### WHAT IS NEEDED
Take the lines from the one containing "mMe – число" through the end of the material and write them out exactly, omitting pictures.

### SUPPLIED INFORMATION
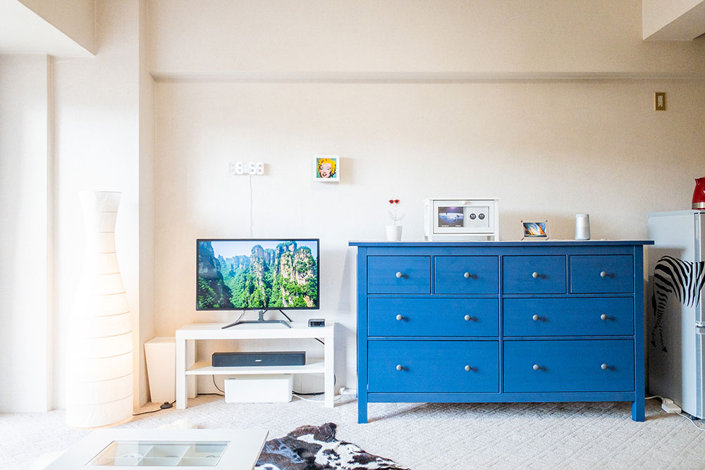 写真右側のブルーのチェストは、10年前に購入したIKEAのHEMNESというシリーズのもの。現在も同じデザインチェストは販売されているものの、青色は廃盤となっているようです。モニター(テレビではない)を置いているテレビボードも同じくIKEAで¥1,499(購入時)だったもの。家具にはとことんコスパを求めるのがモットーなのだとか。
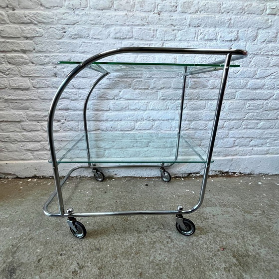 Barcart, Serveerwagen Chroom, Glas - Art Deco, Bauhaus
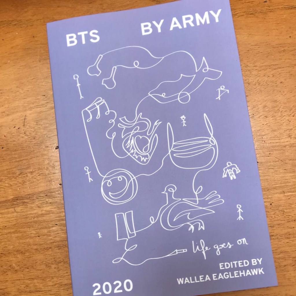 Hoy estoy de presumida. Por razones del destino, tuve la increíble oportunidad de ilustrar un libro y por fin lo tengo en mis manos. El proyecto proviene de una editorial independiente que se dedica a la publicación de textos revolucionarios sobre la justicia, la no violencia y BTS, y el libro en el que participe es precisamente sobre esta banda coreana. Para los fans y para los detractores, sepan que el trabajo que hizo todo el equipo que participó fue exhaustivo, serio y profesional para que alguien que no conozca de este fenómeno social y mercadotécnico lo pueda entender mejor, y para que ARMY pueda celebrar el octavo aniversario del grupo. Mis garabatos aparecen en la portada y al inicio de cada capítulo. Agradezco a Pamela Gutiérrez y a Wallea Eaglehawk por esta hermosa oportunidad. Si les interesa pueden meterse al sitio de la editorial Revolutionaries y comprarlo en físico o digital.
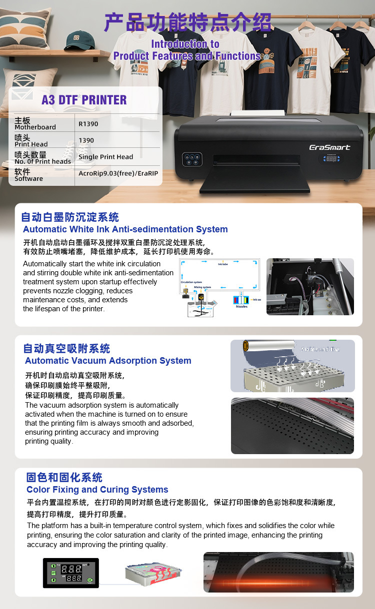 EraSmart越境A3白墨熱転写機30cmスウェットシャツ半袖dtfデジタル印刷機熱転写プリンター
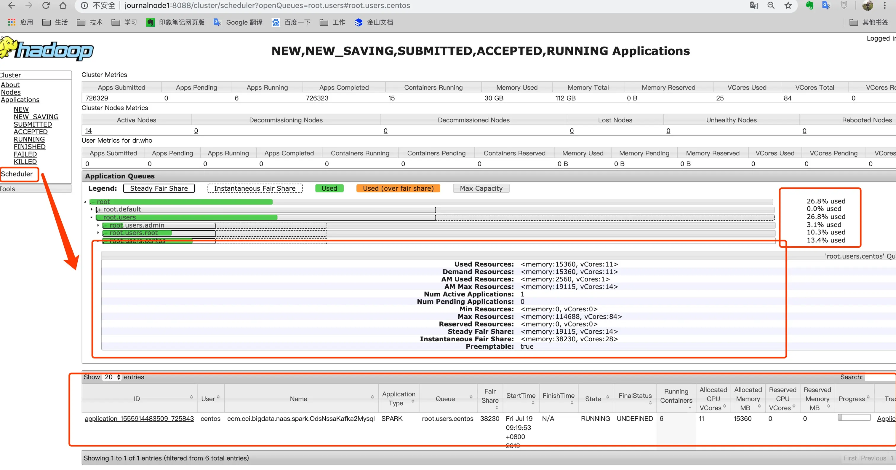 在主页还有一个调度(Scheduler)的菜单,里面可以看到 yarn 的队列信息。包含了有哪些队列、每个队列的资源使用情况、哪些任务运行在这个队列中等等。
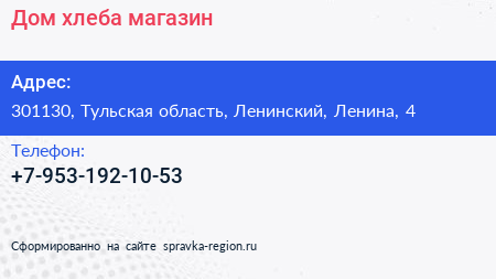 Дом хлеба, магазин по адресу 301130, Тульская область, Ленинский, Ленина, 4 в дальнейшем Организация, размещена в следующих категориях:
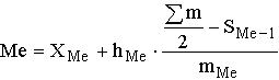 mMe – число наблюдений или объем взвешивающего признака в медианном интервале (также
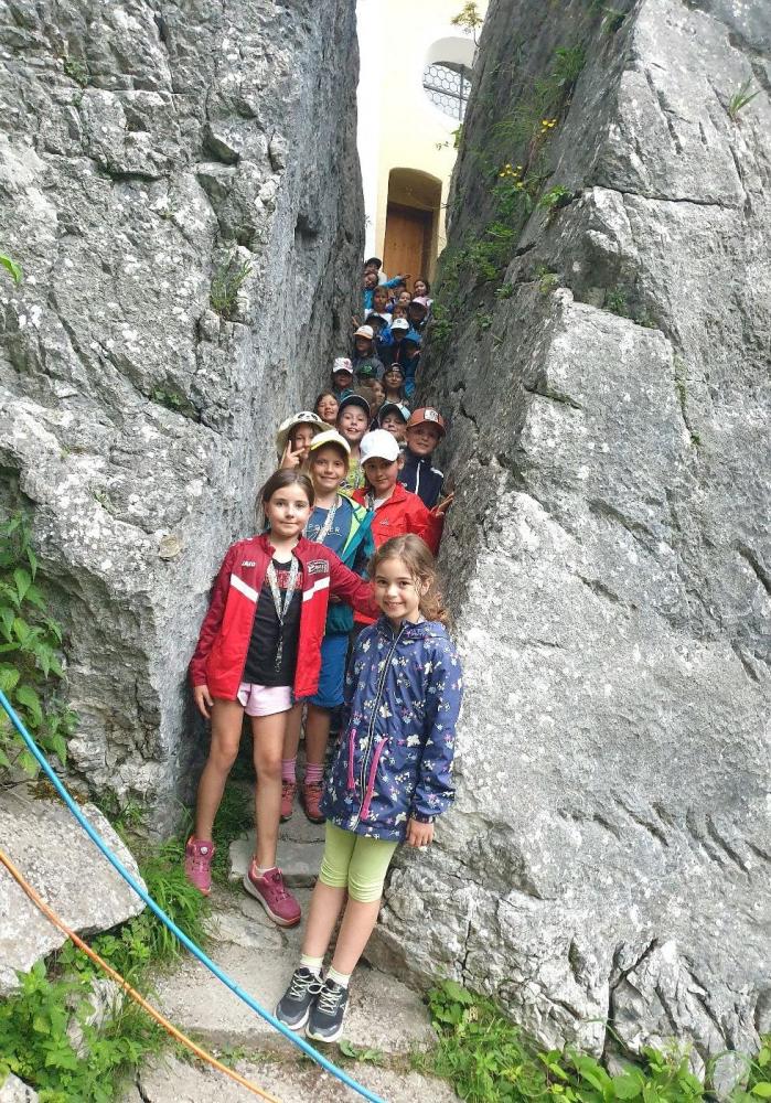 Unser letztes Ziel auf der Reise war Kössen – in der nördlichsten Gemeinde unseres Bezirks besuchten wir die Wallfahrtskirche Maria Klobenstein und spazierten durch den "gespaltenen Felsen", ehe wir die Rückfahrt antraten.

### SOLVED PROBLEM
 mMe – число наблюдений или объем взвешивающего признака в медианном интервале (также
 Unser letztes Ziel auf der Reise war Kössen – in der nördlichsten Gemeinde unseres Bezirks besuchten wir die Wallfahrtskirche Maria Klobenstein und spazierten durch den "gespaltenen Felsen", ehe wir die Rückfahrt antraten.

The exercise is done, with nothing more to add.